LES JOURNALISTES ENTRE LE MARTEAU DE DAESH ET L’ENCLUME DES ETATS
Traqués par les jihadistes et accusés de complicité par des gouvernements
Les journalistes exercent difficilement leur travail dans un monde où la liberté et l’indépendance de l’information sont devenues des enjeux majeurs. Si les djihadistes les traquent pour éradiquer l’information indépendante dans le but de conquérir les esprits, certains gouvernements les pourchassent pour complicité avec les extrémistes.
Pour les djihadistes, le journaliste doit être soumis ou mort. C’est ce qui ressort du rapport de Reporters sans frontières (Rsf) résumé dans un communiqué. Le document traitant de la guerre des groupes islamistes armés comme Daesh menée contre le journalisme met en lumière des idéologies et systèmes totalitaires qui ne conçoivent les reporters comme soumis ou morts.
Le document met en exergue les «onze commandements» édictés par Daesh en octobre 2014 dans la province de Deir Ez-Zor en Syrie, auxquels les journalistes doivent se soumettre. Le premier consiste à prêter allégeance au calife.
Un autre leur interdit de travailler pour des chaînes «luttant contre les pays islamiques». Les professionnels des médias ne peuvent publier un article sans avoir obtenu d’abord l’assentiment du «service de presse» de l’Etat islamique. «Tout écart de conduite sera sanctionné, le journaliste fautif étant tenu pour responsable», lit-on dans le document.
Les journalistes qui écrivent sur l’Etat islamique avec distance sont aussi considérés comme des «soldats ennemis» et donc, des «cibles à abattre». Le rapport est aussi revenu sur la genèse de la haine des jihadistes à l’encontre de tous les reporters ainsi que «les machines de propagande de l’islam radical et violent» ou encore comment des groupes extrémistes entendent éradiquer l’information indépendante pour conquérir les esprits.
A ce niveau, il évoque les exactions perpétrées par les jihadistes de Daesh, d’Al-Qaïda, des Shebab et de Boko haram comme la tragédie de Charlie Hebdo qui avait coûté la vie à 8 journalistes en janvier 2015.
Dans l’exercice de leurs fonctions, les professionnels subissent des arrestations, kidnappings, exécutions sommaires ou assassinats. Ce fut le cas avec le photo-journaliste irakien Jala’a Adnan Al-Abad qui, sans ressources et avec le sentiment que son devoir était de continuer d’informer sur la façon dont Daesh traitait la population civile, «crucifixions, décapitations, tortures», est revenu à Raqqa après s’être enfui pour se faire arrêter peu de temps après.

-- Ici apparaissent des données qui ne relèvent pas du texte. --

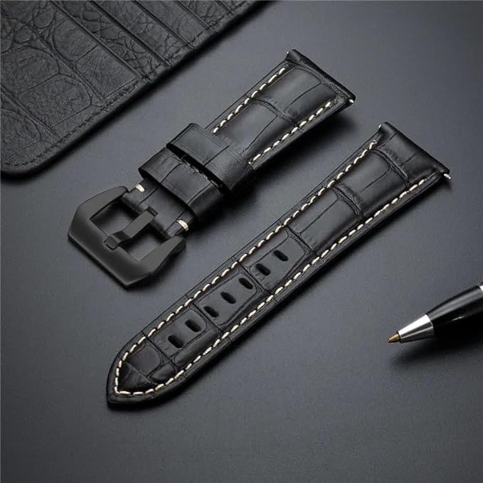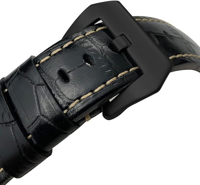 - ●【مادة عالية الجودة وتصميم فريد】 سوار ساعة رياضي مصنوع من الجلد الطبيعي ويأتي مع مشبك أسود مصقول بدقة من الفولاذ المقاوم للصدأ ليناسب وجه الساعة ويمنحها مظهر كلاسيك وأنيق.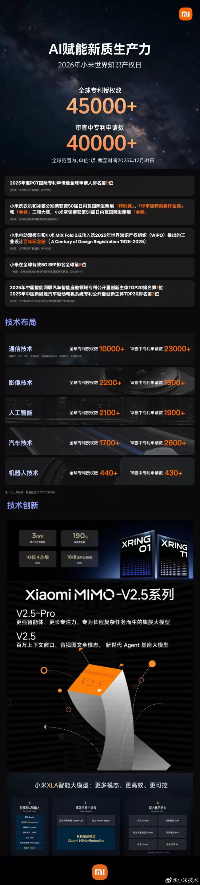 今天是2026年世界知识产权日,科技圈的目光再次聚焦于创新与保护。小米技术官方微博适时发布了一份成绩单,展示了其在技术创新与知识产权领域的积累。一个核心数据尤为引人注目:截至2025年底,小米集团全球授权专利数已突破4.5万项。这不仅仅是一个数字,更是其长期研发投入的具象化体现。

«Apparemment, il a été exécuté dès son arrivée dans un centre de détention. Comme Naji Jerf, ce documentariste soutenu par Rsf, assassiné le 27 décembre à Gaziantep au sud de la Turquie alors qu’il s’apprêtait à rejoindre la France avec sa famille», révèle Rsf.
Alors qu’ils sont victimes de répressions de la part des jihadistes, les journalistes sont poursuivis par certains gouvernements qui les accusent parfois de promouvoir l’extrémisme.
«’’Complicité, apologie et même espionnage’’ pour le compte des jihadistes sont autant de crimes qu’on leur impute en Syrie, en Somalie, en Egypte et au Mali au nom de la lutte antiterroriste», souligne le rapport de Rsf.
C’est le cas du journaliste camerounais Simon Ateba qui fut accusé d’espionnage pour le compte de Boko haram au motif qu’il s’était rendu dans le camp de Minawao au nord du pays pour un reportage sur les conditions de vie des réfugiés nigérians. C’est aussi le cas de Can Dündar, le rédacteur en chef du quotidien turc Cumhuriyet, en prison depuis novembre pour avoir révélé les livraisons d’armes turques au nord de la Syrie.
«Aux côtés des plus sombres dictateurs, le jihadisme est devenu l’un des pires prédateurs de la liberté de la presse dans le monde», observe Christophe Deloire. Prenant exemple sur l’attentat contre Charlie Hebdo, le secrétaire général de Rsf estime que «nous entrons dans une période de mondialisation de la menace».
«Les journalistes ne sauraient être protégés, et donc l’ensemble des Peuples non plus, sans une mobilisation générale pour s’opposer aux idéologies haineuses, parfois soutenues par des Etats», estime-t-il. Pour lui, la liberté et l’indépendance de l’information sont très clairement des enjeux majeurs pour l’avenir de l’humanité.